## Data:
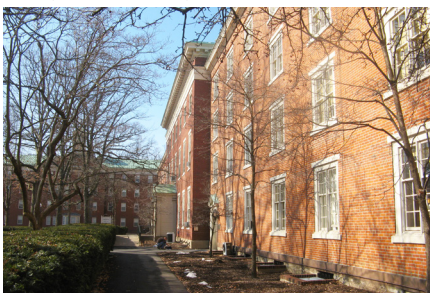
Existing condition photos
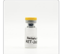
Reta 50mg - RET 260527-01
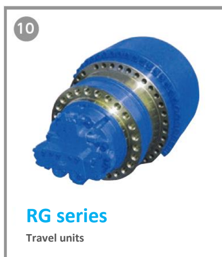
RG series Travel units

## Your objective:
When you write out the material again, keep every word exact and omit the pictures.

## Expected output:
Existing condition photos
Reta 50mg - RET 260527-01
RG series Travel units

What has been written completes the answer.